L'entomologiste Gaspar Noé filme un couple âgé en bout de course. Elle souffre de la maladie d'Alzheimer et son mari de problèmes cardiaques. L'écran se divise en deux pour mieux traquer en simultané leurs solitudes. Dans le grand appartement submergé de livres et de souvenirs, nos termites vont et viennent à leurs occupations. L'oeil des caméras et les micros enregistrent le moindre de leurs gestes (y compris sur la cuvette des toilettes), la moindre de leurs paroles. Plongés dans ce labyrinthe, les spectateurs assistent à une expérience de laboratoire, transformés en témoins d'une lente agonie...
Psychiatre à la retraite, la mère (Françoise Lebrun) perd la tête, vit dans un monde quasi incommunicable, rédige des ordonnances peu orthodoxes. Dans un moment de lucidité, elle reconnaît qu'ils ingurgitent d'énormes quantités de médicaments. Son mari (Dario Argento) s'inquiète, ce qui le perturbe (il écrit un livre sur le cinéma et les rêves). Quand elle quitte la maison, elle ne répond plus au téléphone et son mari doit partir à sa recherche...
Pourtant le film avait bien commencé. Françoise Hardy en gros plan, éclatante de jeunesse, chante "Mon amie la rose". Et le couple se salue, tout sourire, à leur fenêtre avant de se retrouver sur leur balcon pour partager un verre. L'écran n'est pas encore partagé en deux, nous les voyons ensemble et heureux. Alors, la vie est belle comme l'affirme la mère...

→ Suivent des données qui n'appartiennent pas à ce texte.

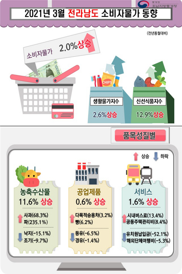 호남지방통계청이 지난 2일 발표한 ‘3월 소비자물가동향’에 따르면 지역 물가는 1년 전보다 광주 1.6%·전남 2.0% 상승했다. 이는 지난 2018년 11월(광주 1.6%·전남 2.1%) 이후 2년 4개월 만에 가장 큰 상승률이다.
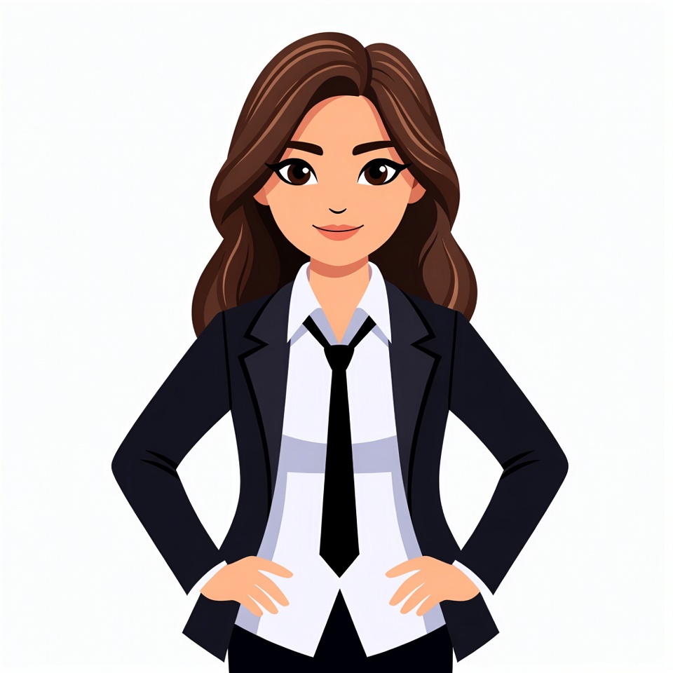 Asian, black tie, brown hair, business suit, businesswoman, clipart, confident pose, dark blazer, female, formal attire, hands clasped, happy expression, illustration, isolated background, long hair, professional woman, smiling, standing pose, vector art, white shirt, cartoon woman
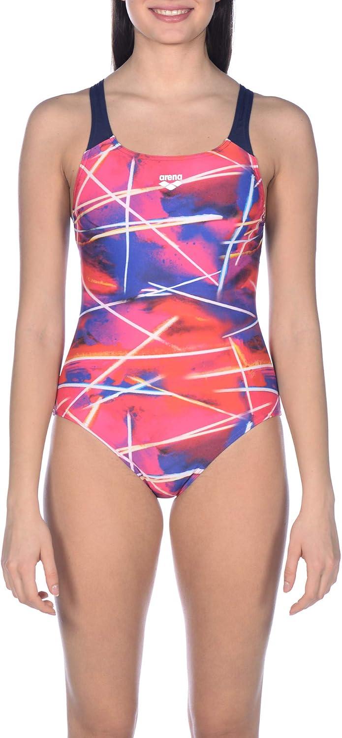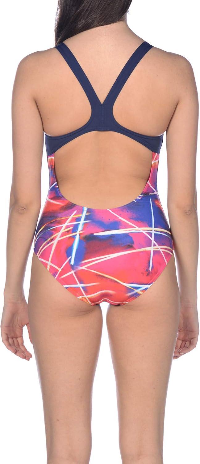 ARENA Women’s Standard Print Swim Pro Back MaxLife One Piece Athletic Training Swimsuit(Light Beams Navy)
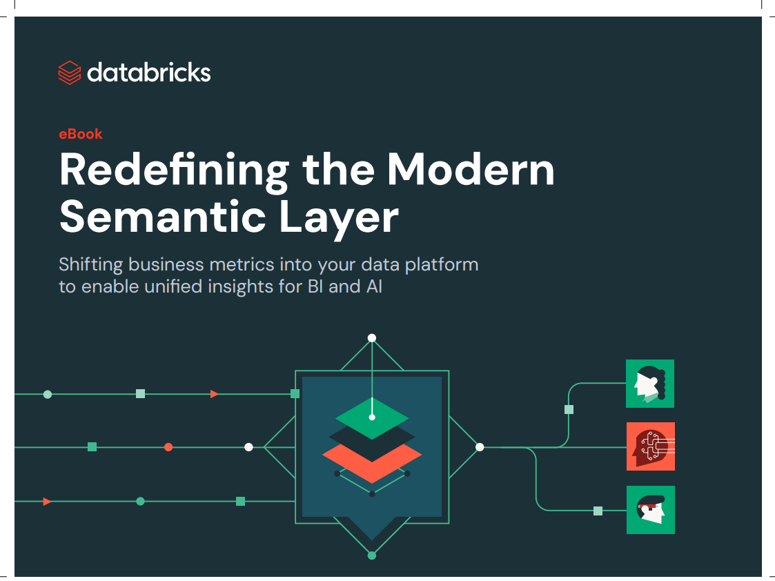 This eBook introduces modern business semantics on the Databricks Data Intelligence Platform. It explains what they are, why they matter and how to implement them. You’ll learn how leading organizations are shifting their metric definitions into the Databricks Platform through Unity Catalog to create a shared, trusted foundation for insights.

Leur fils Stéphane (Alex Lutz) s'interroge : ses parents ne sont-ils pas en danger, incapables de se porter secours en cas de défaillance ? Sa bonne volonté est touchante, élargit la focale au-delà du labyrinthe parental. Illusion ! Toxicomane, Stéphane ne peut les aider, peine à s'occuper de son fils Kiki et à se prendre en main... Le film constate une série d'impasses, détaille les dépendances au grand âge, aux maladies incurables, aux médicaments et aux drogues (l'ex-femme de Stéphane fait une cure de désintoxication loin des siens). La mère ne reconnaît plus son mari et son fils chéris. L'amour seul ne suffit plus à souder les êtres de plus en plus séparés, isolés dans leurs problèmes.
L'expérience de Gaspar Noé est éprouvante, brosse un tableau clinique de nos difficultés existentielles. Les déprimés s'en abstiendront ! La tentation du suicide rode : overdose de médicaments ? Ou le gaz ? Pas de quartier pour le livre du mari sur le cinéma et les rêves ! L'écran demeure divisé en deux, y compris quand nous suivons la vie de Stéphane. Le procédé me semble alors artificiel et m'agace. Comme le film s'avère interminable (2h22mn), nous cogitons en boucle : les deux écrans symbolisent-ils les deux "moitiés" d'un couple à la dérive ? Voire les deux hémisphères de notre cerveau ? Nous anticipons chaque épisode d'une bascule programmée dans les oubliettes de nos vies éphémères.